Fada 220 Mk2 (1941)

The letters F-A-D-A are the initials of Frank Angelo D'Andrea, who founded the company in the 1920s. FADA produced many radios and televisions over the years, but its Catalin radios—particularly the Bullet—are the best-known models.  The 1888 Italian born Frank lived in New York when he made his early radios, but the company was sold in 1934. This Bakelite radio model  I found was living in Portugal and nobody wanted it because all 6 valves, the back, speaker and front knobs were missing. But you guessed it I brought it, for just £6  and £20  post. I think I was drawn to the tuning dial, the seller just sold it as 'a fairy' brand, which was the name of one of Fada Catalin models. 
National AT-290 donor radio from 1959
After spending many hours trying to locate a circuit diagram that matched the chassis I gave up. I think the cabinet was from a different model to the chassis inside and many components had been removed in a bit to restore it in the past, so I decided to install another chassis yet again and this time though to save cost I put a National transistor from 1959 that had a badly damaged cabinet so was no great loss. 
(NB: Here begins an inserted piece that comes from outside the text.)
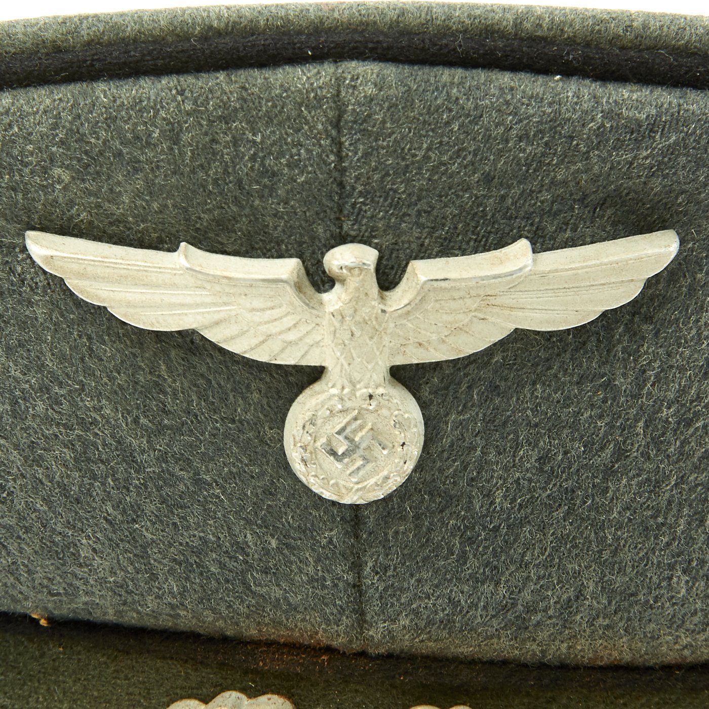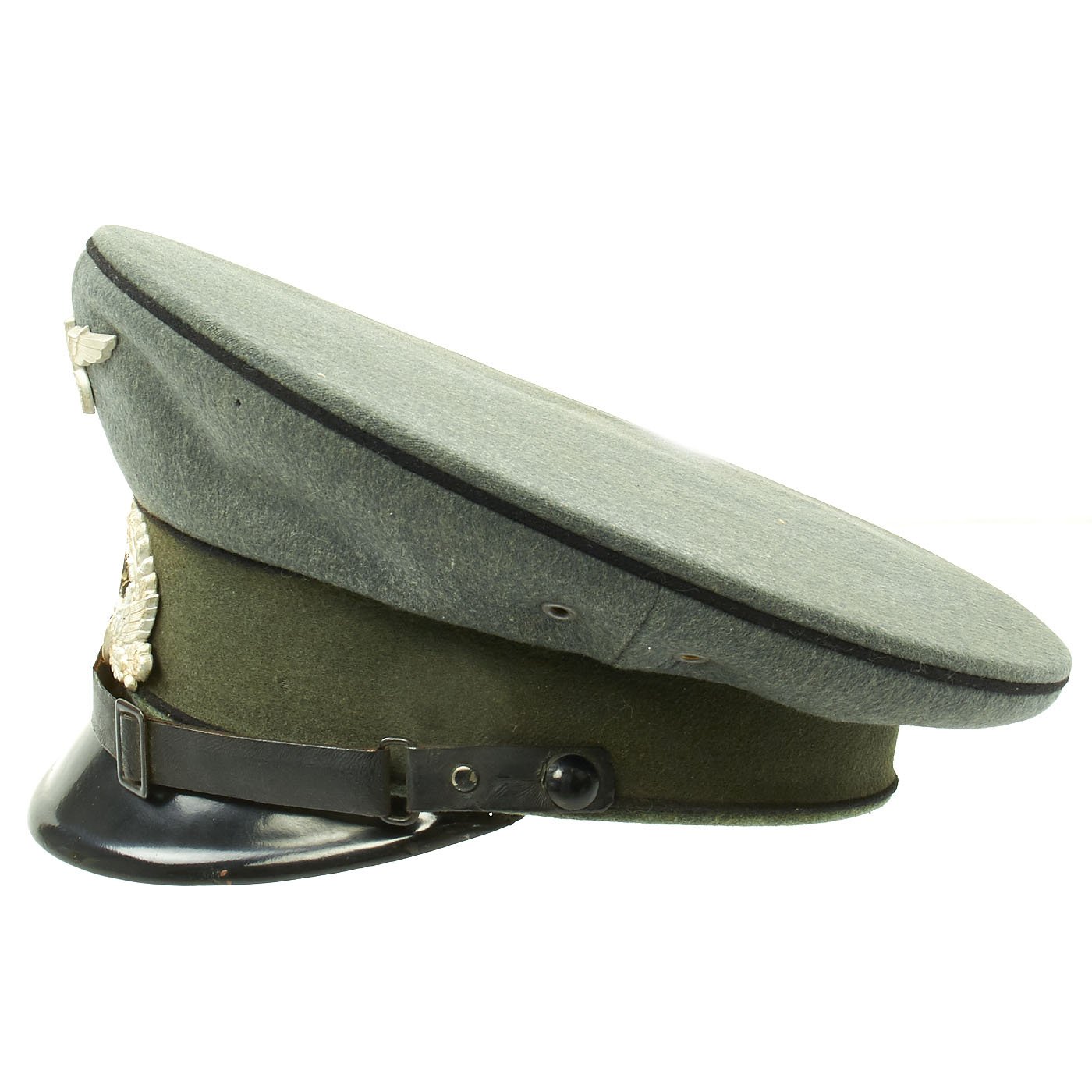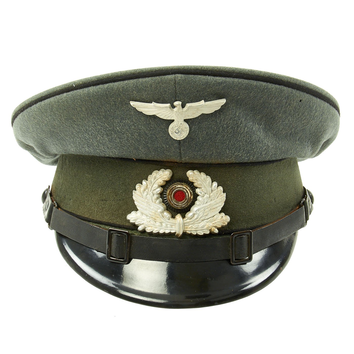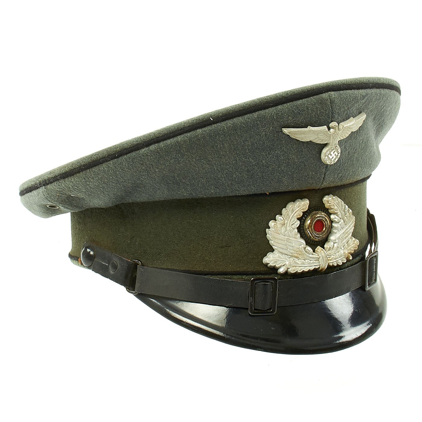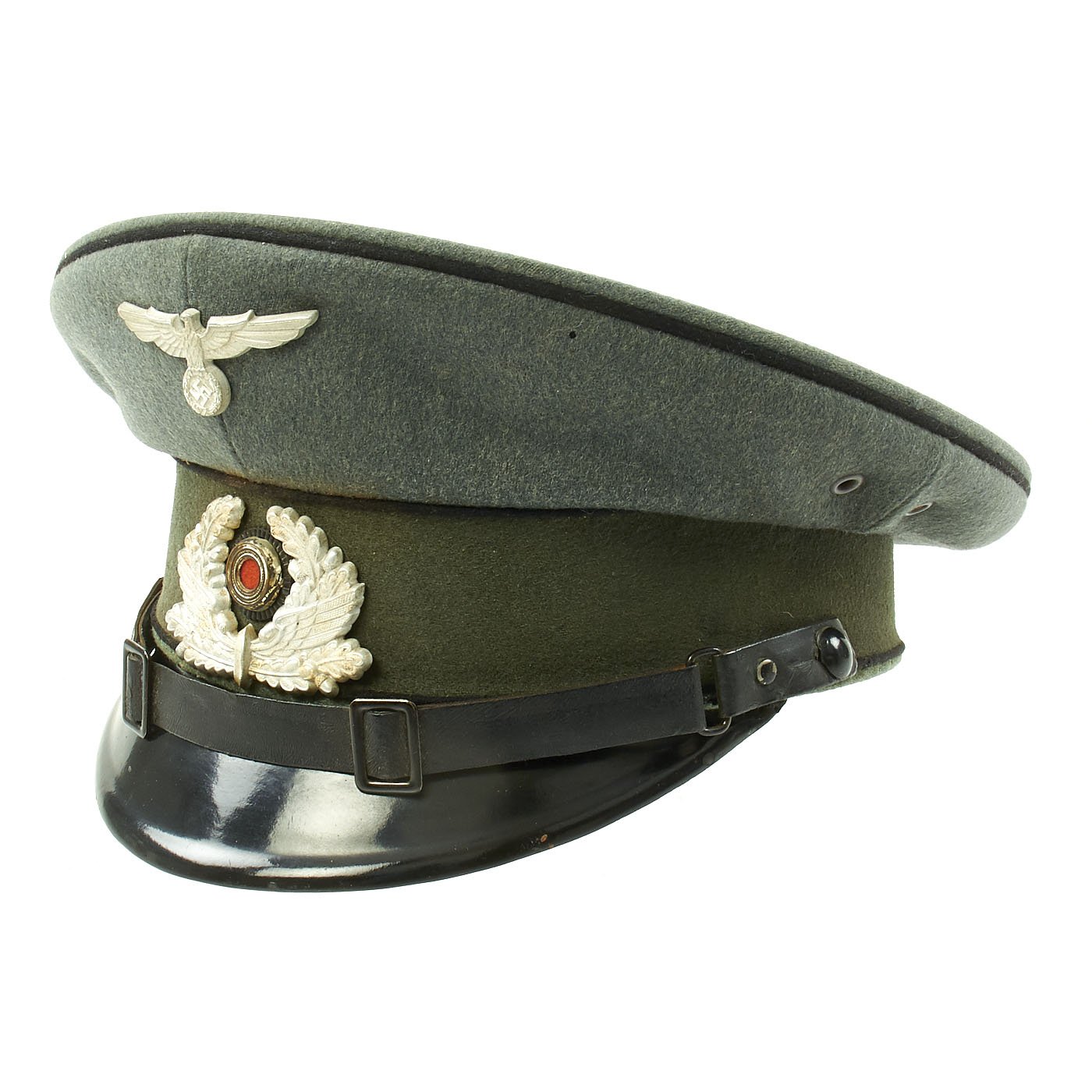 The visor cap (Schirmmütze) was an important part of the headgear worn by German uniformed military, civil, paramilitary and political organizations during the Third Reich. This was the standard cloth headgear worn as a part of the service uniform. Visor caps were worn outdoors as well as indoors, and were often required to be worn by all personnel on duty. Visor caps were made in versions specific to each organization and were often further differentiated through the use of insignia, colored piping, or style of chin cord, to indicate rank, role or branch. The insignia used on these caps ranged from simple stamped metal emblems, to elaborate hand embroidery. Visor caps were issued to enlisted soldiers and NCOs in the military and in some other organizations. Officers had to purchase their own hats, and lower ranks could choose to purchase caps that were of a higher quality than the rather basic, issue examples. The private purchase caps were generally made in very high quality, with fine materials. A wide variety of fabrics were used, from Trikot and doeskin, to heavy wool, or even lightweight white fabric for summer wear. In the military, issue of these caps was generally suspended shortly after the outbreak of the war, but they continued to be worn by some troops until the end of the war.

Old car speaker used to replace original
The original loudspeaker was missing it's cone so I fitted a similar size Philips car speaker in it's place using Aroldite to attach to the baffle ( baffle to narrow for crews) That too a couple of attempts due to the chassis hitting it when re-inserted. Next job was to remove all the no essential parts from the main chassis leaving the tuning capacitor. 
Chassis fixed in place by L shaped bracket
The Nation radio was MW & SW the same as what the dial displays so I just removed the 2 x 330 pf tuner wire (Oscillator and RF connection, and earth). I fitted the National via an 'L' bracket I made using the old tuner hole fixings. 
Old chassis after drilling out valve bases and IF cans etc.,
The band switch was far too integrated with the National to be easily removed so I gave access to it from the rear of the set. Band switch on Fada was converted into a Local/Distant switch. The volume control was replaced with  an on/off 47 K ohm pot I found in a used box along was 3 Bakelite knobs I brought from a large collection recently. 
Dial with 3 LED's at top
The original 6.3 volt bulb was removed and 3 x LED's in series with a 1.5k resistor and across the 9 volt rail via the on/off switch negative feed. The missing back was traced out on a sheet of plastic and cut slightly smaller to fit inside as the back bolt holes were not recessed, all looked OK, I fixed an old SW aerial rod to the back and she was a runner again.